PuTTY semi-bug unix-connreset-spin

This is a mirror. The primary PuTTY web site can be found here.

Home | Licence | FAQ | Docs | Download | Keys | Links
Mirrors | Updates | Feedback | Changes | Wishlist | Team

summary: Unix PuTTY spins in tight loop after abnormal exit
class: semi-bug: This might or might not be a bug, depending on your precise definition of what a bug is.
depends: port-unix-gtk2
priority: medium: This should be fixed one day.
present-in: 2006-11-29
fixed-in: r8040 2008-06-06 (0.61) (0.62) (0.63) (0.64)
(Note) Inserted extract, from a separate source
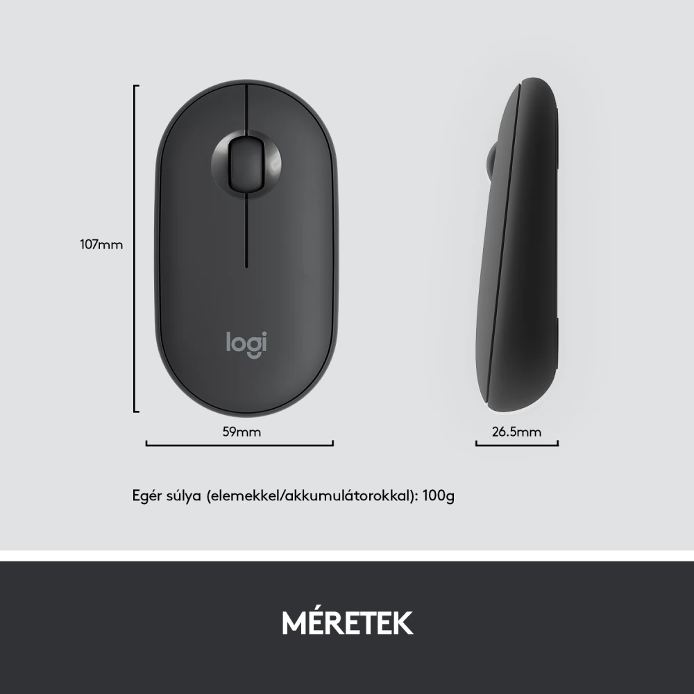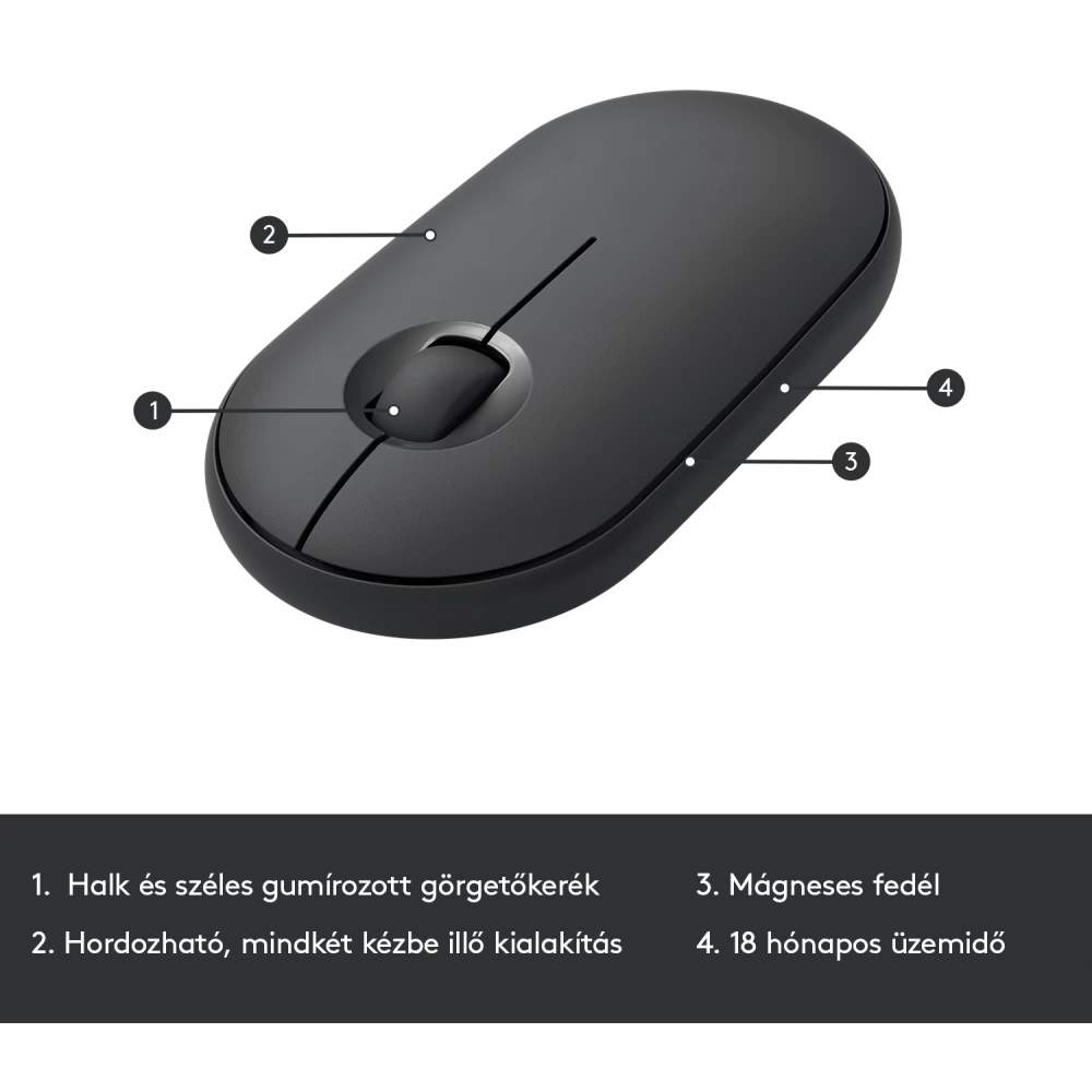 Az alacsony profilú, ollós mechanikával működő billentyűk kellemes és jól ismert laptop-szerű gépelési érzetet nyújtanak. A mindkét kézzel használható, sima kavicsforma kellemesen simul bármelyik tenyérbe.

PuTTY (development snapshot 2006-11-29) on Linux spins on the CPU after a
connection has been terminated unexpectedly.  (In this case, displaying a
PuTTY Fatal Error dialogue box with a "Connection Reset by Peer" message
in it.) stracing the putty process when it's in this state produces lots
of:

poll([{fd=3, events=POLLIN}, {fd=7, events=POLLIN}, {fd=5,
events=POLLIN|POLLPRI, revents=POLLNVAL}], 3, -1) = 1
gettimeofday({1165238007, 805859}, NULL) = 0
gettimeofday({1165238007, 805953}, NULL) = 0
ioctl(3, FIONREAD, [0])                 = 0
poll([{fd=3, events=POLLIN}, {fd=7, events=POLLIN}, {fd=5,
events=POLLIN|POLLPRI, revents=POLLNVAL}], 3, -1) = 1
gettimeofday({1165238007, 806293}, NULL) = 0
gettimeofday({1165238007, 806386}, NULL) = 0
ioctl(3, FIONREAD, [0])                 = 0

SGT, 2006-12-28: I've looked briefly into this. I can reproduce it
easily: the simplest way is to make an SSH connection to a Linux
box, type `ps j $$' to find out the parent PID of the bash process
(i.e. the user half of the privilege-separated sshd) and kill it.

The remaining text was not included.